Data provided:

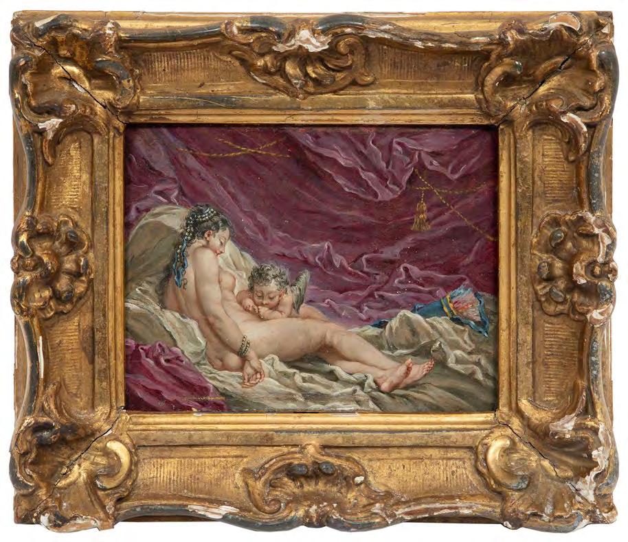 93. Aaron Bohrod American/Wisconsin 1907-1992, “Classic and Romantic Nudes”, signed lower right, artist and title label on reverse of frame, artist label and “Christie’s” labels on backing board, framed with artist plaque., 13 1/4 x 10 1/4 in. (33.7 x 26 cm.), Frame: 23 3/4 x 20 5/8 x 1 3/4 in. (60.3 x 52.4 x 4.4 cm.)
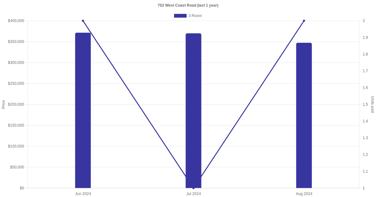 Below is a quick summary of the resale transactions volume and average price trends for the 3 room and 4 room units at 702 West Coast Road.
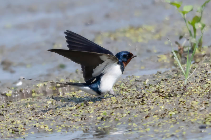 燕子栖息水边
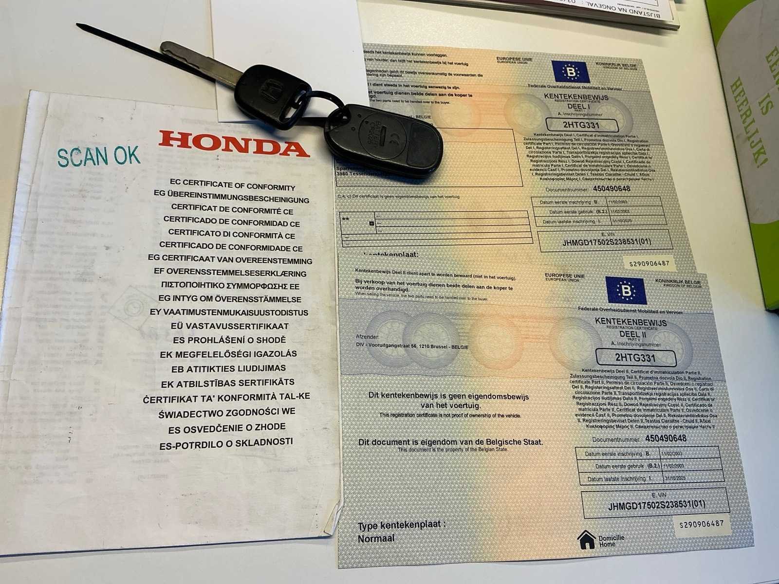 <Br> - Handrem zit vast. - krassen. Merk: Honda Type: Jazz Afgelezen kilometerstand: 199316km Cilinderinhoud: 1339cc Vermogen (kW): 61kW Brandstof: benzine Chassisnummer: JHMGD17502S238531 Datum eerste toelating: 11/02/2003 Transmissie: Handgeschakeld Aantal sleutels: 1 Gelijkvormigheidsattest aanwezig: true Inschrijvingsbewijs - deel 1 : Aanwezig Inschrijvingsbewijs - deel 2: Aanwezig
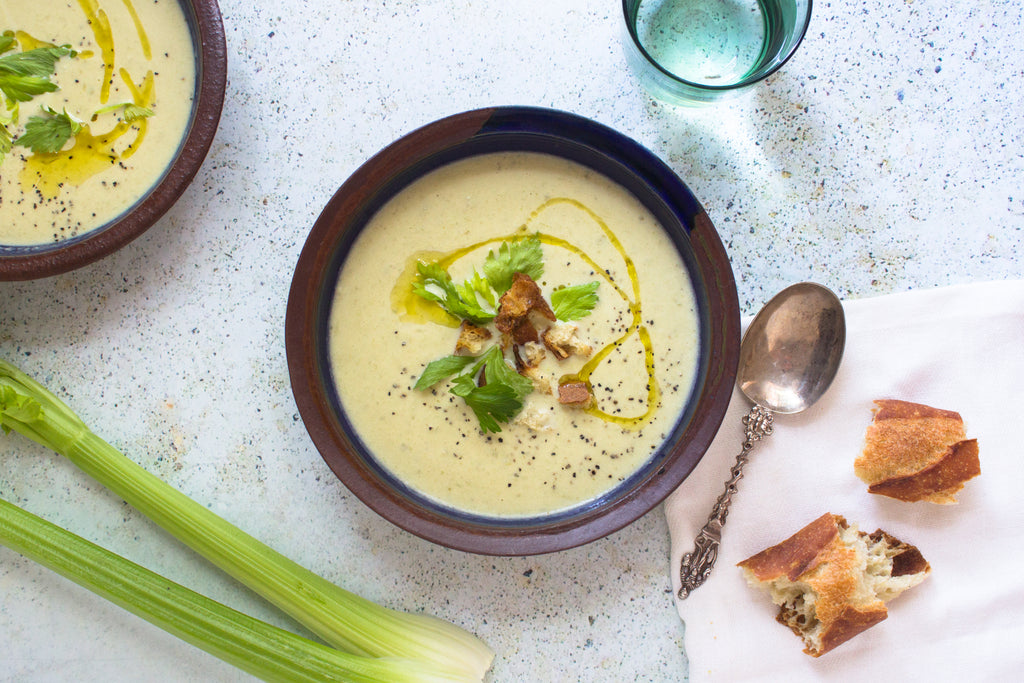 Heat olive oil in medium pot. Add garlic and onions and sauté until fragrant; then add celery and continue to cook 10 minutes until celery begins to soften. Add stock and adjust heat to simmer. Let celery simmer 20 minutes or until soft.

Task to carry out:
What you hand back should match the listing exactly, except that no pictures appear.

Solution:
 93. Aaron Bohrod American/Wisconsin 1907-1992, “Classic and Romantic Nudes”, signed lower right, artist and title label on reverse of frame, artist label and “Christie’s” labels on backing board, framed with artist plaque., 13 1/4 x 10 1/4 in. (33.7 x 26 cm.), Frame: 23 3/4 x 20 5/8 x 1 3/4 in. (60.3 x 52.4 x 4.4 cm.)
 Below is a quick summary of the resale transactions volume and average price trends for the 3 room and 4 room units at 702 West Coast Road.
 燕子栖息水边
 <Br> - Handrem zit vast. - krassen. Merk: Honda Type: Jazz Afgelezen kilometerstand: 199316km Cilinderinhoud: 1339cc Vermogen (kW): 61kW Brandstof: benzine Chassisnummer: JHMGD17502S238531 Datum eerste toelating: 11/02/2003 Transmissie: Handgeschakeld Aantal sleutels: 1 Gelijkvormigheidsattest aanwezig: true Inschrijvingsbewijs - deel 1 : Aanwezig Inschrijvingsbewijs - deel 2: Aanwezig
 Heat olive oil in medium pot. Add garlic and onions and sauté until fragrant; then add celery and continue to cook 10 minutes until celery begins to soften. Add stock and adjust heat to simmer. Let celery simmer 20 minutes or until soft.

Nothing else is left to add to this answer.